Saved data entries
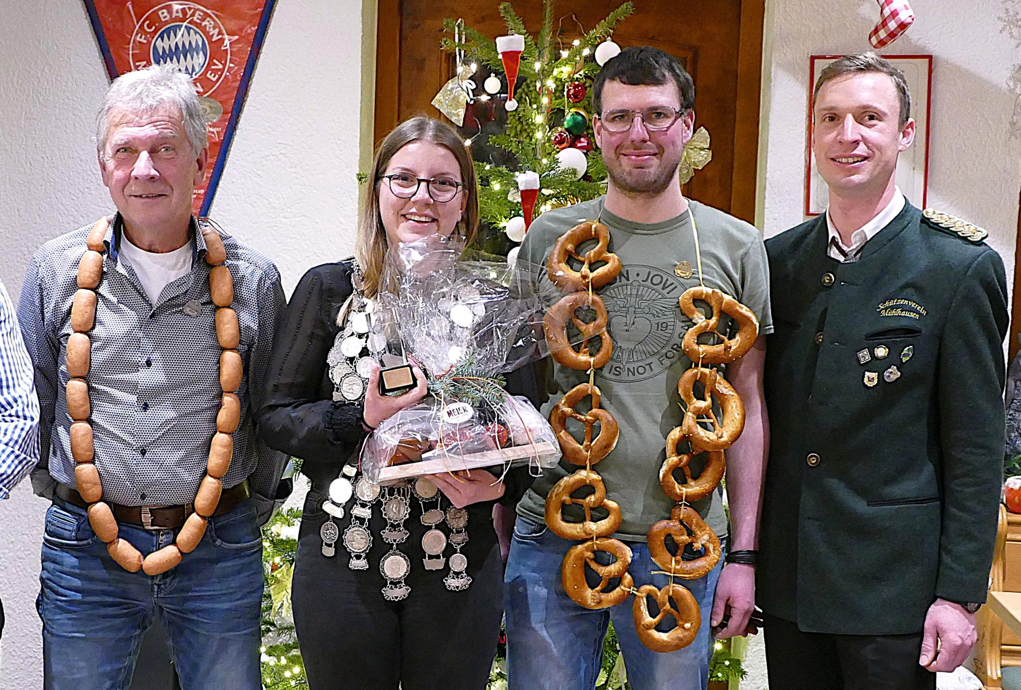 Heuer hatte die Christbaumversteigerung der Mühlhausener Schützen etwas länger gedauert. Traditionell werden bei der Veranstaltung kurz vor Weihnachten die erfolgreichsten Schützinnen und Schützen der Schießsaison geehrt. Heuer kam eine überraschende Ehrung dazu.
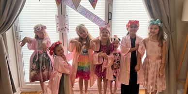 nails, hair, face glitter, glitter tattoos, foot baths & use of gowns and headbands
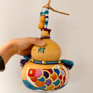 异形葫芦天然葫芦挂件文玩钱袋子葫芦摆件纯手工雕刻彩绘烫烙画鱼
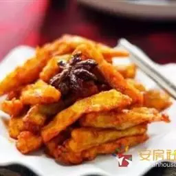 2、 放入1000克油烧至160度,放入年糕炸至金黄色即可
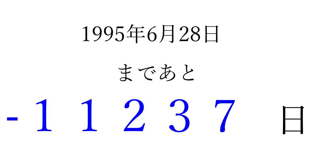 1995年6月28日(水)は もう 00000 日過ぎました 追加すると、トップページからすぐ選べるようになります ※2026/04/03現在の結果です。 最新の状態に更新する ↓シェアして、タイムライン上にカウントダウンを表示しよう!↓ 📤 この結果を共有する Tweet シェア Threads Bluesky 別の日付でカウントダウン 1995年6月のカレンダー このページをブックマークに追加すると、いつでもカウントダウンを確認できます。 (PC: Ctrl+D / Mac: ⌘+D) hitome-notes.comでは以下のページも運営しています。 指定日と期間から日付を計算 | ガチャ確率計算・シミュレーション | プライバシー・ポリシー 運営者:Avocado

Task:
Make an exact copy of the records from their first line through the line containing "2、 放入1000克油烧至160度,放入年糕炸至金黄色即可", both ends included, with the pictures omitted.

Expected answer:
 Heuer hatte die Christbaumversteigerung der Mühlhausener Schützen etwas länger gedauert. Traditionell werden bei der Veranstaltung kurz vor Weihnachten die erfolgreichsten Schützinnen und Schützen der Schießsaison geehrt. Heuer kam eine überraschende Ehrung dazu.
 nails, hair, face glitter, glitter tattoos, foot baths & use of gowns and headbands
 异形葫芦天然葫芦挂件文玩钱袋子葫芦摆件纯手工雕刻彩绘烫烙画鱼
 2、 放入1000克油烧至160度,放入年糕炸至金黄色即可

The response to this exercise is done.